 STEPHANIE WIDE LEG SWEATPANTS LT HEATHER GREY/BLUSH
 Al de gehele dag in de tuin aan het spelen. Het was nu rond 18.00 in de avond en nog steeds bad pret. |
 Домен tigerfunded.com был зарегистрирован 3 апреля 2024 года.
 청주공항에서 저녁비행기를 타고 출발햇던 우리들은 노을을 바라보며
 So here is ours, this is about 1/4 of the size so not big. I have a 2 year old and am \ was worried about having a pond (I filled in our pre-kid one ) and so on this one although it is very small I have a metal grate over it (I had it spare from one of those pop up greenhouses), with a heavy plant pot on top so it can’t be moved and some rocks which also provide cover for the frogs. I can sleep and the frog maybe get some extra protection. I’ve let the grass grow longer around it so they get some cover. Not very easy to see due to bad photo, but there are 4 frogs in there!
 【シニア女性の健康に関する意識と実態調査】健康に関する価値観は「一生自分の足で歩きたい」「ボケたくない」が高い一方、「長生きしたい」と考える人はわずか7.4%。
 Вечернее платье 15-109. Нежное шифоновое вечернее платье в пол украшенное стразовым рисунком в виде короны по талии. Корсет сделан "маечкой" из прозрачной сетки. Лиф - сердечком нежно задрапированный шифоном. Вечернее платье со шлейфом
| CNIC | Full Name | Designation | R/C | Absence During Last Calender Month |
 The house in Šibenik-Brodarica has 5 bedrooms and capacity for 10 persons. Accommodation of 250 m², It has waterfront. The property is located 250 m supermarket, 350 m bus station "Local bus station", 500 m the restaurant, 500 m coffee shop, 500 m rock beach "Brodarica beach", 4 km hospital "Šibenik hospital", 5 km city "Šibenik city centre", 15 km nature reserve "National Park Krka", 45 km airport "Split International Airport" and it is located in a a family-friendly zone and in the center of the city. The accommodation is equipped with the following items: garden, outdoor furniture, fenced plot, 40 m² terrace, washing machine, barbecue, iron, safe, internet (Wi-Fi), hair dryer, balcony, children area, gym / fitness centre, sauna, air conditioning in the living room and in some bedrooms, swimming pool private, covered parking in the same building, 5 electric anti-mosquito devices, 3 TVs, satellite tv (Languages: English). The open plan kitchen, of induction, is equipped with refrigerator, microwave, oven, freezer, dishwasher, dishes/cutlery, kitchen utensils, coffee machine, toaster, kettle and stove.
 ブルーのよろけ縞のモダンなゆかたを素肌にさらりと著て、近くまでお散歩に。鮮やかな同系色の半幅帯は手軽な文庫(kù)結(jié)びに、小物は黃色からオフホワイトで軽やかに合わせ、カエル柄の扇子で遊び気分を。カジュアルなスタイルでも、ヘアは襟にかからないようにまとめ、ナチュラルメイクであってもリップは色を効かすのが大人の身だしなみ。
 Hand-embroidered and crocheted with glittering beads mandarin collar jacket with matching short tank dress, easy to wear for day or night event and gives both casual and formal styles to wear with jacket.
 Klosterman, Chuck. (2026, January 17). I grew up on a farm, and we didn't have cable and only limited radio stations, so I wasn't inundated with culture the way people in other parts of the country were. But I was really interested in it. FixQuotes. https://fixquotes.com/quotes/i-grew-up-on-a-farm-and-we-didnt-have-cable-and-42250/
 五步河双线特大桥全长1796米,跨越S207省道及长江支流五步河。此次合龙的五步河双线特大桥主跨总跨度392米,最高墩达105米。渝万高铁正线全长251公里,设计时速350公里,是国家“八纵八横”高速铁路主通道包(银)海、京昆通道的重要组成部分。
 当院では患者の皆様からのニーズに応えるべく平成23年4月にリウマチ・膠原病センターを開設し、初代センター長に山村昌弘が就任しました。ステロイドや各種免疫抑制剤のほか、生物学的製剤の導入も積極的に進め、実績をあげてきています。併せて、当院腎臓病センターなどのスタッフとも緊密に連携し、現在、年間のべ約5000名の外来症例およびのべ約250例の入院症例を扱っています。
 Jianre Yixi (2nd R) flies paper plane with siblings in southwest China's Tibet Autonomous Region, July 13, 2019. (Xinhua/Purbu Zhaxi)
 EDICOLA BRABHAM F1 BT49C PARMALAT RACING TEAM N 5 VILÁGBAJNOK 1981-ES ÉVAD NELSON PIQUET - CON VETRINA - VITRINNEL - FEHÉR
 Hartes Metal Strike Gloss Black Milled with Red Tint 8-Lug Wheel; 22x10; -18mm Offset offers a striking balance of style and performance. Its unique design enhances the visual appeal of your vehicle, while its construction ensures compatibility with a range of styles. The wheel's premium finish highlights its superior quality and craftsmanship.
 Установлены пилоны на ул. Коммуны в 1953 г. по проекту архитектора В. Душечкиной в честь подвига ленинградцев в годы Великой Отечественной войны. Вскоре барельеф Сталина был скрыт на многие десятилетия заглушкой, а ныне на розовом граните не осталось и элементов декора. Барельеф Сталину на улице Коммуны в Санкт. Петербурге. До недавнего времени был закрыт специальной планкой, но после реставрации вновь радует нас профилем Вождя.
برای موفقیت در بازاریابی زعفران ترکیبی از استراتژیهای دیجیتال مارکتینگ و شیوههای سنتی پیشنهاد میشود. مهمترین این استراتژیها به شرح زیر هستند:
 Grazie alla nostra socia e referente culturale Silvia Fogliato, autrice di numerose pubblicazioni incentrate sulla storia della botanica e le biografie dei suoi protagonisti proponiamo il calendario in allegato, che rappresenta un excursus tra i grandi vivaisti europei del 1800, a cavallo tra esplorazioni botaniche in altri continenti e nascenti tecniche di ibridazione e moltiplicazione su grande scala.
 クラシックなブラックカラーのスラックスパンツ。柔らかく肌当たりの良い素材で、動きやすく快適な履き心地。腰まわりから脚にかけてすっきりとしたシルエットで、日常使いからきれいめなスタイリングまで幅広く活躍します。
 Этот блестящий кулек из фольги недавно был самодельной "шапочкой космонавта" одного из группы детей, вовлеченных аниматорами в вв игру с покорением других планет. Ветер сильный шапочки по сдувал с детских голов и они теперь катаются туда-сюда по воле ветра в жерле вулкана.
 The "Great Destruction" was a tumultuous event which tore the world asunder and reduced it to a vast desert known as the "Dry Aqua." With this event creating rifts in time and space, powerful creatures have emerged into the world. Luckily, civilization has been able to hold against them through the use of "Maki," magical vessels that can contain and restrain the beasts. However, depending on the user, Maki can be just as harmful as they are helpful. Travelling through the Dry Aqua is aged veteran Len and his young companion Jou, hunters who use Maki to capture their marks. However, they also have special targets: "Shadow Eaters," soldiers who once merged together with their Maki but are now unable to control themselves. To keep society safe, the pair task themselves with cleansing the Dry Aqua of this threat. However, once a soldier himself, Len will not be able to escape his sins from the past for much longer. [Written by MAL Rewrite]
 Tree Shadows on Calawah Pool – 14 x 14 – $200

================

* [ABOUT THIS EXERCISE] Start at the first line of the entries above. Set down each line exactly through the one with "So here is ours, this", and stop there.

* [RESPONSE TO THIS EXERCISE]
 STEPHANIE WIDE LEG SWEATPANTS LT HEATHER GREY/BLUSH
 Al de gehele dag in de tuin aan het spelen. Het was nu rond 18.00 in de avond en nog steeds bad pret. |
 Домен tigerfunded.com был зарегистрирован 3 апреля 2024 года.
 청주공항에서 저녁비행기를 타고 출발햇던 우리들은 노을을 바라보며
 So here is ours, this is about 1/4 of the size so not big. I have a 2 year old and am \ was worried about having a pond (I filled in our pre-kid one ) and so on this one although it is very small I have a metal grate over it (I had it spare from one of those pop up greenhouses), with a heavy plant pot on top so it can’t be moved and some rocks which also provide cover for the frogs. I can sleep and the frog maybe get some extra protection. I’ve let the grass grow longer around it so they get some cover. Not very easy to see due to bad photo, but there are 4 frogs in there!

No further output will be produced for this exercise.